What parameters will impact my interest rate? ie., Is loan interest % predictive of FICO credit score alone?
Is loan funded amount are equal for different purpose of loan request? So the person can get loan in that particular loan type.
It is always mentioned that living state plays a important role in interest rate. This hypothesis will be validated.
There is a myth that home ownership will impact FICO scores. It will be validated via this dataset.
Did lending club receive equal number of loans in each month
When we register as a lending club user, you will get access to the borrowers data from lending loan website Lending Club.
This dataset has borrowers details (personal info will be removed) It has the funded amount, interest rate, fico credit score and about 150 variables. Also the row count is around 115K for Q1 2019.
For current analysis, I have taken a simple random sample of 10000 rows. These data are transformed and modified to perform analysis on data.
Describe the method of data collection.
When we register as a lending club borrower/invester, you will get access to the borrowers data from lending loan website Lending Club.
LC also provides loan rejection dataset. But for current analysis, we have used only the borrowers dataset since rejection dataset does not have enough relevant data for analysis.
Download the Loan Statistics from Lending Club WebPage via LendingClub’s API.
Data can also be accessed from LendingClub package provied in R via LendingClub: A Lending Club API Wrapper
source_url <- "https://api.lendingclub.com/api/investor/v1/loans/listing"
raw_data <- httr::GET(source_url, add_headers(Authorization="Vkqakl1lAygRyXRwlKCOyHWG4DE")))
raw_data_content <- httr::content(raw_data, as = "text", encoding = "UTF-8")

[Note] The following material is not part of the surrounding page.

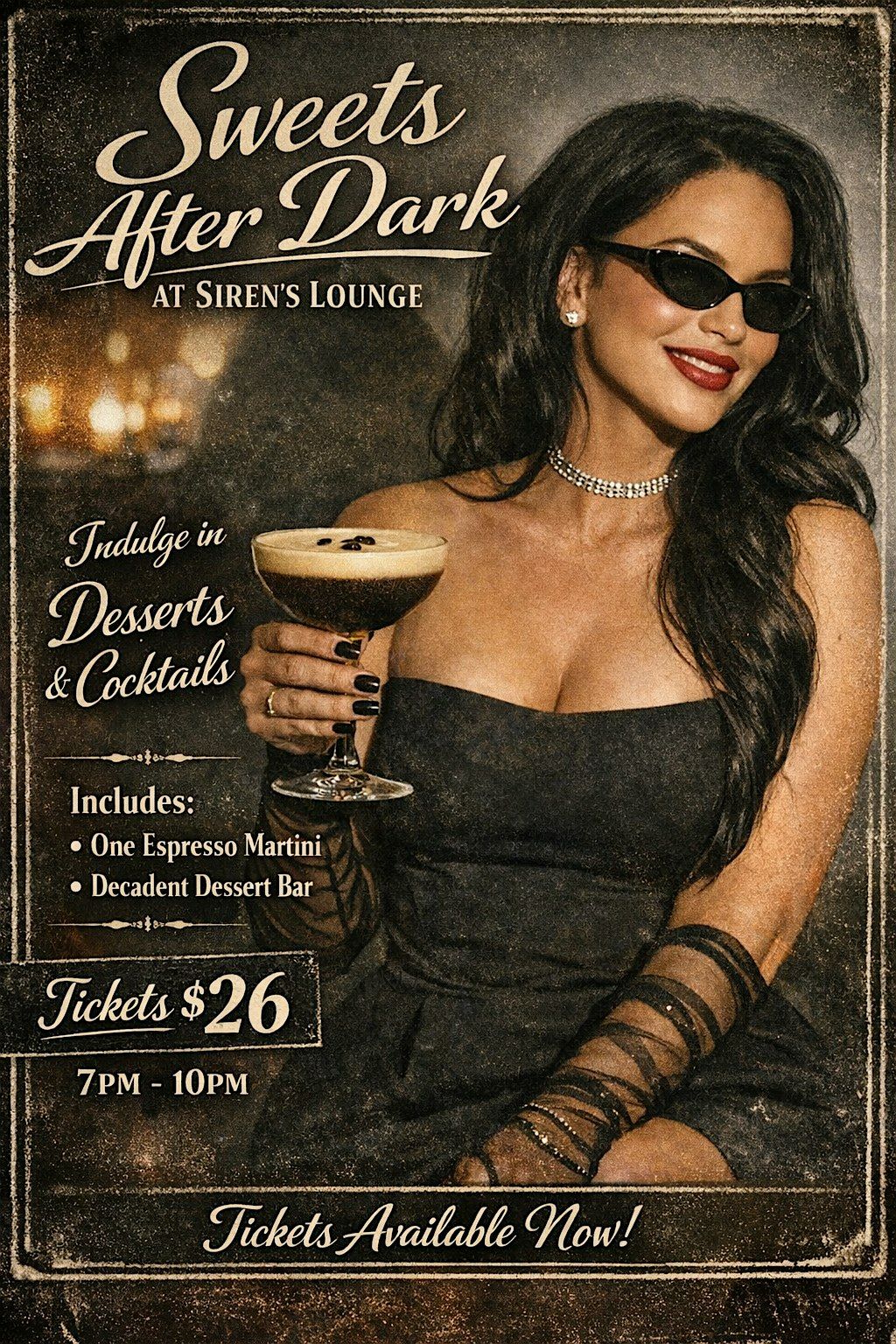Sweets After Dark at Siren’s Lounge is your invitation to indulge in a decadent, late-night dessert experience with cocktails and glamorous vibes.

write.csv(raw_data_content,"LoanStats_securev1_2019Q1.csv")# load data of 2019 Q1
set.seed(7340)
loans_summary_full <- read.csv ("LoanStats_securev1_2019Q1.csv",
header=TRUE, skip=1, sep=",", stringsAsFactors=FALSE, skipNul = TRUE) %>%
select(c(pub_rec_bankruptcies, loan_amnt, funded_amnt, funded_amnt_inv, term, int_rate, emp_length, home_ownership, annual_inc, dti, addr_state,
fico_range_low, fico_range_high, installment, issue_d, loan_status, purpose, loan_amnt, grade)) %>%
mutate(fico_score=(fico_range_low+fico_range_high)/2) %>%
mutate(term1=as.numeric(str_trim(str_replace(term,"months","")))) %>%
select(-fico_range_low,-fico_range_high) %>%
mutate(emp_length=str_replace(emp_length,c("n/a"),"NA")) %>%
mutate(int_rate=(as.numeric(str_replace(as.character(int_rate),"%","")))) %>%
mutate(loan_amnt=(as.integer(str_replace(as.character(loan_amnt),"%","")))) %>%
mutate(issue_d=(dmy(paste("01-", issue_d, sep ="")))) %>%
mutate(total_pymnt=(funded_amnt+(funded_amnt*int_rate*(term1/12))/100)) %>%
filter(!is.na(int_rate))
DT::datatable(loans_summary_full, options = list(pagelength=5))